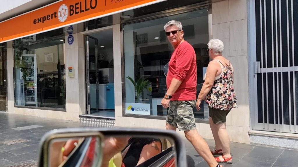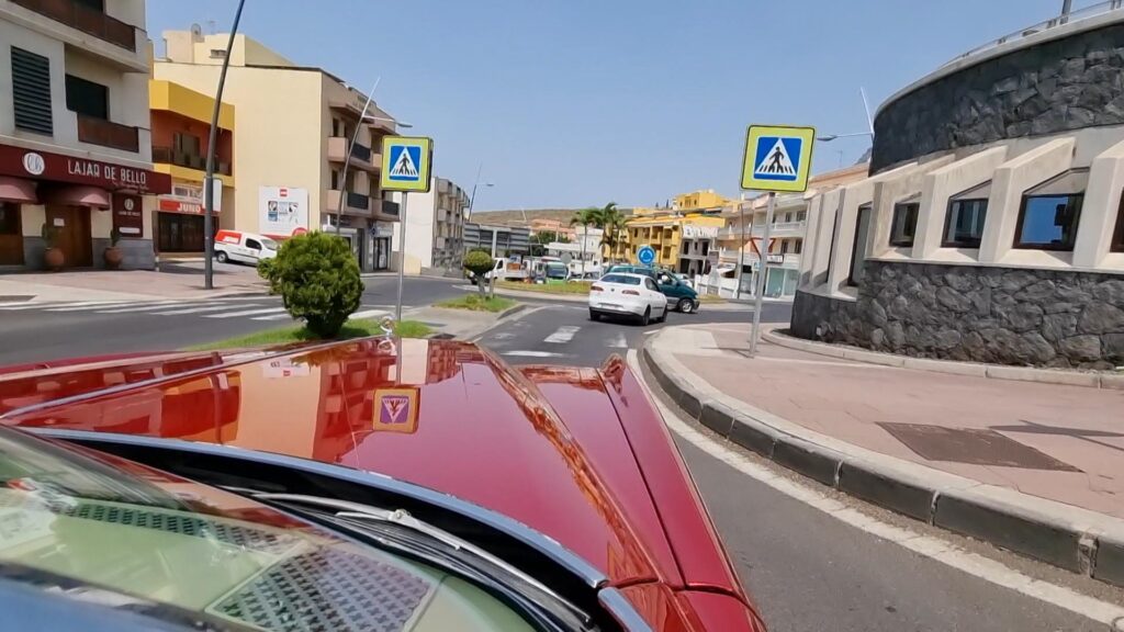 Það getur verið vandaverk að koma bílnum fyrir á svo litlum strætum sem finnast á Tenerife. Það þarf lagni við að aka svona stórum bíl.
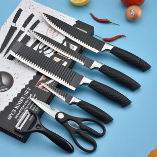 | Faca de cozinha antiaderente com listras onduladas e lâmina preta, conjunto de 6 peças para presente, faca de cozinha para fatiar frutas em aço inoxidável |
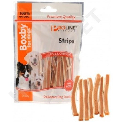 Boxby Strips Chicken and Fish to paski mięsa z kurczaka z dodatkiem ryby. Boxby idealnie sprawdzi się jako dodatek do stałego menu Twojego psa. Przekąska jest miękka, więc z łatwością można ją dzielić na mniejsze części i może być podawana małym psom.
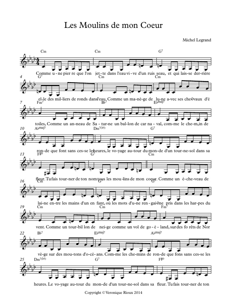 Téléchargez la partition Clarinette Les Moulins de mon cœur niveau très facile de Legrand. Please rate this score. Verse 1 Am Dm6 Comme une pierre que lon jette dans leau vive dun ruisseau E7sus4 E7 Am7 Et qui laisse derrière elle des milliers de ronds dans leau Em7 A7 Dm7 Comme un manège de lune avec ses chevaux détoiles Gsus4 G7 Cmaj7 Comme un anneau de Saturne un ballon de carnaval Fmaj7 Dm6 Comme le chemin de ronde que font sans cesse les heures Esus4 E7 Ddim7 Le voyage autour du monde dun.
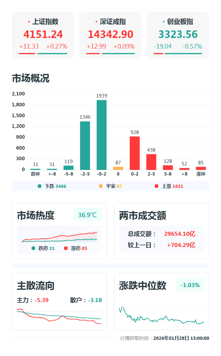 28日A股三大股指走势不一,沪指、深成指冲高回落,创业板指高开低走。截至收盘沪指涨0.27%,报4151.24点,深成指涨0.09%,报14342.89点,创业板指跌0.57%,报3323.56点,科创50指数跌0.08%,报1554.8点。沪深京三市成交额29923亿元,较上日放量708亿元,个股跌多涨少,沪深京三市近3700股飘绿,今日成交2.99万亿。
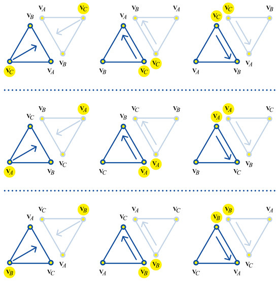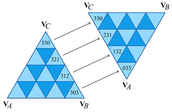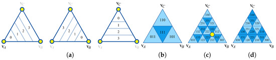 Assuming that a triangle is formed from three points , , and , any point within the interior of this triangle can be expressed by three coordinates, , , and , where and . This is equivalent to a 3D coordinate domain with three basis vectors and is called the normalized barycentric coordinates of a triangle. These coordinates naturally emit an indexing scheme [13,32]. To use these as integer cell indices, first notice that there are rows in each basis direction at resolution w (Figure 7a), then scale each of the coordinates by r and round down. This will result in a unique set of indices for each cell (Figure 7a,b). However, the function is not onto: some coordinates are syntactically valid indices, such as 113, but do not represent a cell. This is due to using three basis vectors to represent a 2D domain. Normalized barycentric coordinates are uniquely determined by only two of the three coordinates because the third can be found via , resulting in a 2D coordinate system. However, this uniqueness within the coordinate system does not directly transfer to the indices (Figure 7c). Modifications to this scheme to create an onto function are possible but will result in an asymmetric indexing scheme, further complicating indexing operations. Using all three of the coordinates as an index results in symmetry with respect to all three triangle edges and can be efficiently parallelized on modern CPUs through vectorized operations. We use a vectorized implementation of this symmetric 3D barycentric indexing method (BIM). Each index has a triplet of values where each value represents the number of steps away from the associated base-cell vertex (Figure 7a). The resulting indices in resolutions 1 and 2 are shown in Figure 7a,b. At resolution 1, the middle triangle is 1 step away from all of the base-cell vertices and has an index of 111, while the other three are 1 step away from two vertices and 0 steps away from one vertex, resulting in indices of 011, 101, and 110, respectively. The pattern continues for finer resolutions. The final representation for an index is a struct combining all five components: .
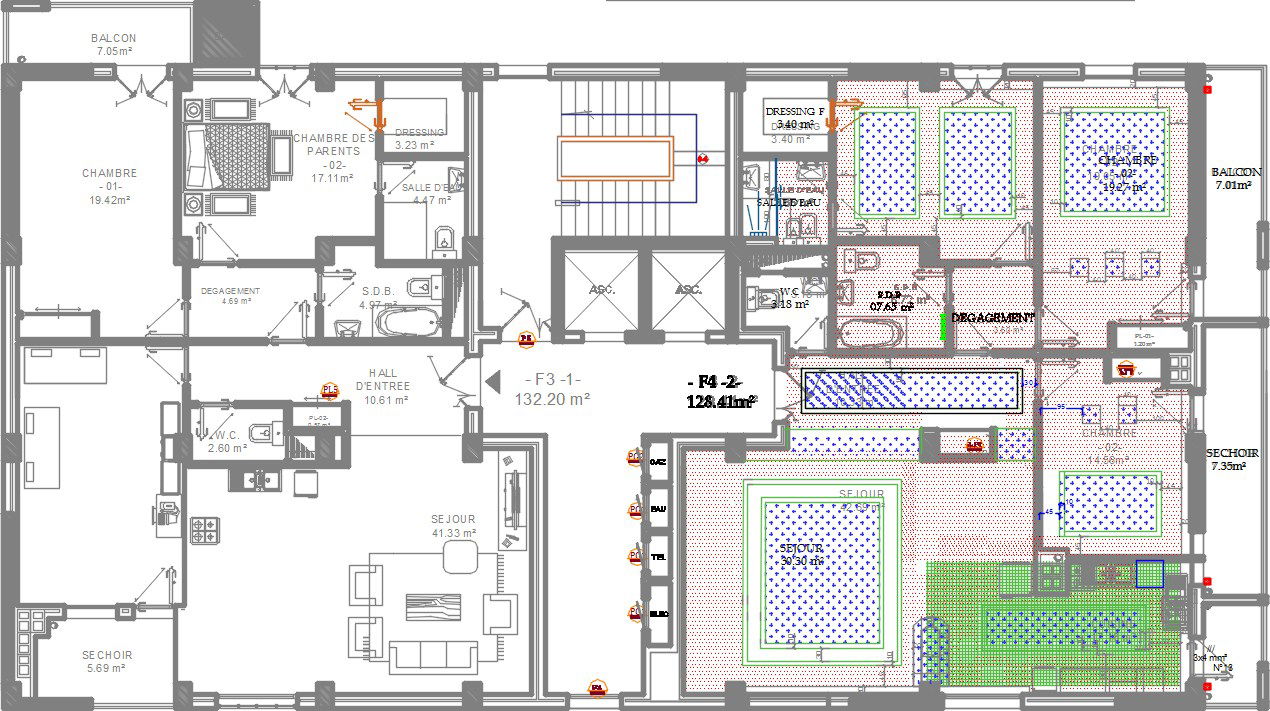 The furniture’s layout of the 14X26m house plan with 3bhk architecture drawing is given. On each floor, two houses are available with 3bhk. On each house, the living room, kitchen, storage room, master bedroom with the attached toilet & dressing area, kid’s room with attached toilet, guest room, and balconies are available. The lift and staircase is provided middle of the two home. The area of the each room is given in the meter. For more detail download the AutoCAD drawing file from our cadbull website.
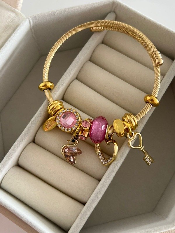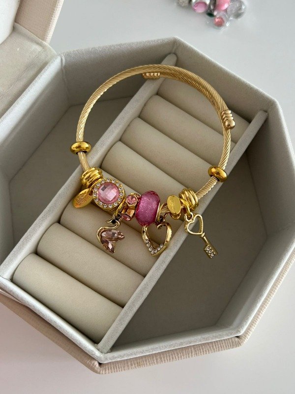 Esta pulsera está hecha en acero dorado, ideal para usar todos los días sin perder su brillo. Ya viene con dijes incluidos, pensados para sumar detalle y personalidad a tu estilo.
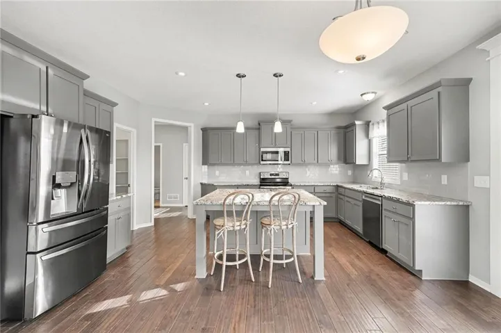 +"PublicRemarks": "Original owners have maintained and upgraded this newer home providing tons of space to spread out! Upgrades include: smart home security with cameras, window treatments, upgraded dishwasher, fridge, washer and dryer- All Stay, finished basement with dry-bar including 2 beverage fridges, 5th full bath and rec room wired for surround sound, basketball goal and privacy fenced backyard with dual gates! Huge savings compared to building new! Truly Built to Entertain- Greet guests from covered front porch to the open-concept main level and covered deck with gorgeous sun-set views! Main level 5th bedroom- ideal home office, visiting in-laws, or both. Each of the\u{A0}upper 4 bedrooms includes a walk-in closet and en-suite bath access- allowing privacy for everyone. Carpet on the main level was replaced, paint touched and home professionally cleaned after move out- ready for you to move right in!"
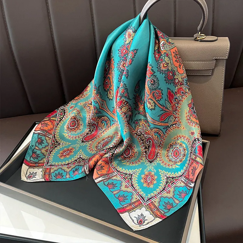 衣都精品- 2022冬季新款民族風腰果花真絲中方巾
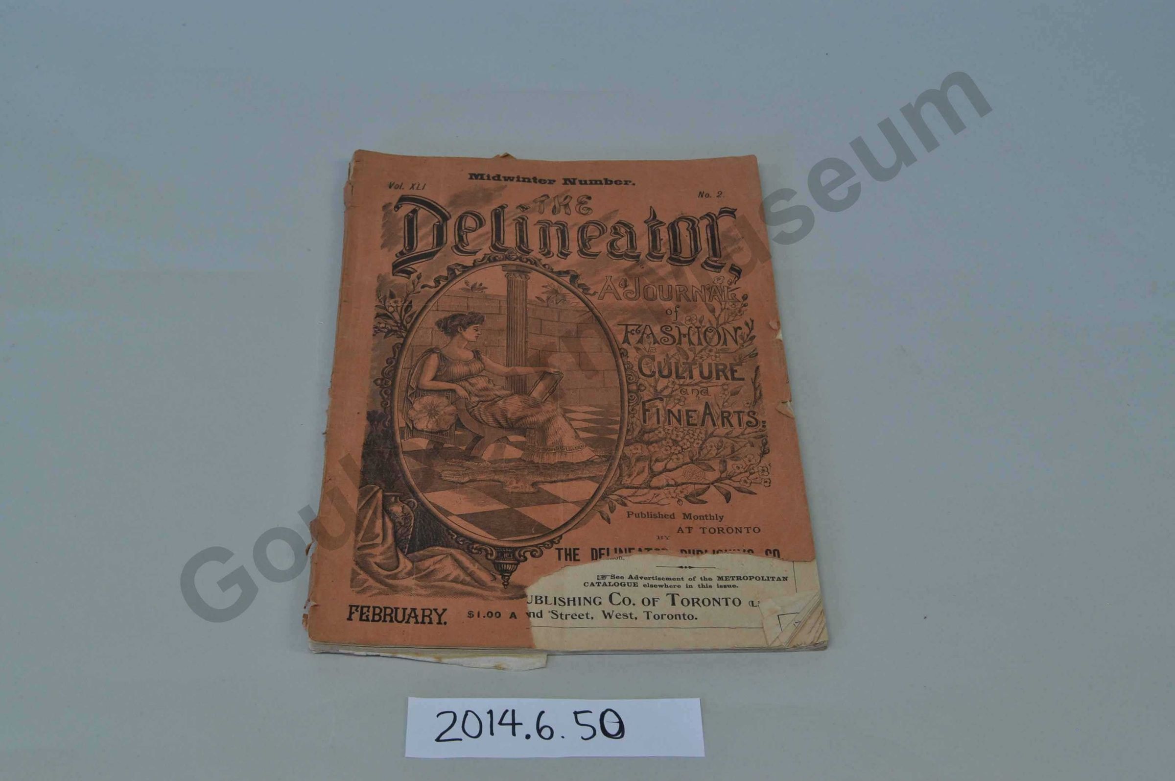 Red rectangular journal bound with staples depicting a black and white image of a woman sitting in a classical courtyard, encircled by a border in the backdrop of a bush with text that reads "The Delineator. Midwinter Number, Vol. XLI No. 2. A Journal of Fashion, Culture and Fine Arts. Published Monthly at Toronto."Lexicon
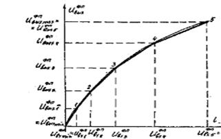 Если зависимость ЭДС датчика от измеряемой величины задана графической зависимостью, то передаточную характеристику функционального преобразователя находят путем построений. Для этого рекомендуется построить на листе миллиметровой бумаги в увеличенном масштабе график ес= f (l) (рис.6), выделить на нем точки I и 5, соответствующие минимальной и максимальной ЭДС датчика и провести через точку 5 и начало координат ось симметрии.
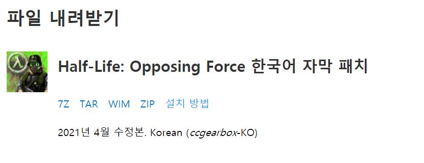 파일 내려받기 Half-Life: Opposing Force 한국어 자막 패치 7Z TAR WIM ZIP ...

### Your task
Since the pictures are not part of the copy, please transcribe only the lines above from the one with "The furniture’s layout" through the one with "Esta pulsera está", exactly and with both ends.

### Task answer
 The furniture’s layout of the 14X26m house plan with 3bhk architecture drawing is given. On each floor, two houses are available with 3bhk. On each house, the living room, kitchen, storage room, master bedroom with the attached toilet & dressing area, kid’s room with attached toilet, guest room, and balconies are available. The lift and staircase is provided middle of the two home. The area of the each room is given in the meter. For more detail download the AutoCAD drawing file from our cadbull website.
 Esta pulsera está hecha en acero dorado, ideal para usar todos los días sin perder su brillo. Ya viene con dijes incluidos, pensados para sumar detalle y personalidad a tu estilo.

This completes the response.